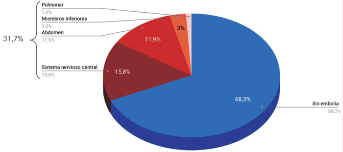 Se observó 20,8% de EI sobre VP, similar a lo observado por Hoen B y colaboradores (16%)(9), y en el Euro Heart Survey (26%) (21). Dentro de las infecciones sobre válvula nativa, la principal localización fue sobre válvula aórtica (VAo) (46,5%), seguida de la válvula mitral (VM) (23,8%). Nuestros resultados son similares a lo observado en el EIRA 3 (VAo 46% - VM 33% - VP 20,7%). En ICE-PCS se observó EI sobre VP en el 22,2%, seguida por la infección sobre VM (41%) y VAo (38%). Se encontró una elevada incidencia de complicaciones de EI, como embolias o CL. El 31,7% de pacientes sufrió embolias, siendo la principal localización el sistema nervioso central, similar a lo reportado en EIRA 3 y en ICE-PCS (32,1% y 40%, respectivamente).
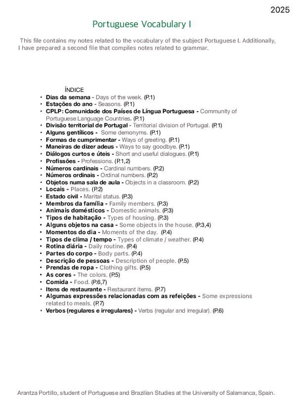 Portugués I: Vocabulario. Este archivo contiene mis apuntes sobre el vocabulario de la asignatura Portugués I. Además, he preparado un segundo archivo con apuntes sobre gramatica. Portuguese I: Vocabulary. This file contains my notes related to the vocab
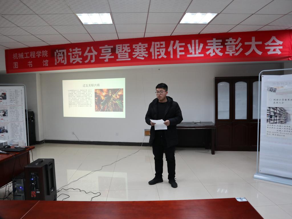 此次活动分为“阅读分享”和“寒假作业表彰”两个环节。首先开展以“读经典书,做书香人”为主题的阅读分享赛。有十二名同学按抽签顺序依次上台分享自己的读书感悟。
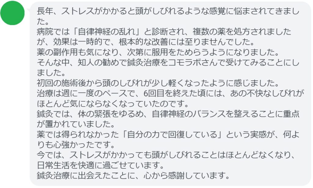 初回の施術後から頭のしびれが少し軽くなったように感じました。
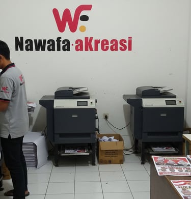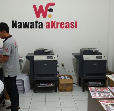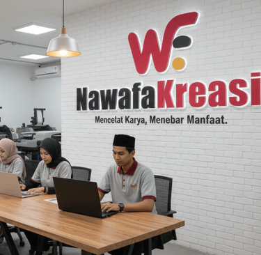 Nawafa Kreasi menyediakan layanan lengkap untuk percetakan, pengurusan legalitas usaha, dan advertising. Kami siap membantu Anda membangun fondasi bisnis yang kuat dan menarik.
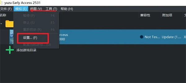先开启yuzu模拟器,接着加载游戏。随后点击左上角菜单里的“模拟选项”,在弹出的菜单中挑选“设置”。
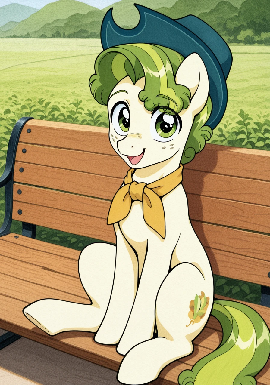 tan fur, green hair, freckles, green eyes

- _Problem statement_
The required output is the lines from the one containing "先开启yuzu模拟器,接着加" through the end of the data, printed exactly, with no pictures.

- _Task solution_
先开启yuzu模拟器,接着加载游戏。随后点击左上角菜单里的“模拟选项”,在弹出的菜单中挑选“设置”。
 tan fur, green hair, freckles, green eyes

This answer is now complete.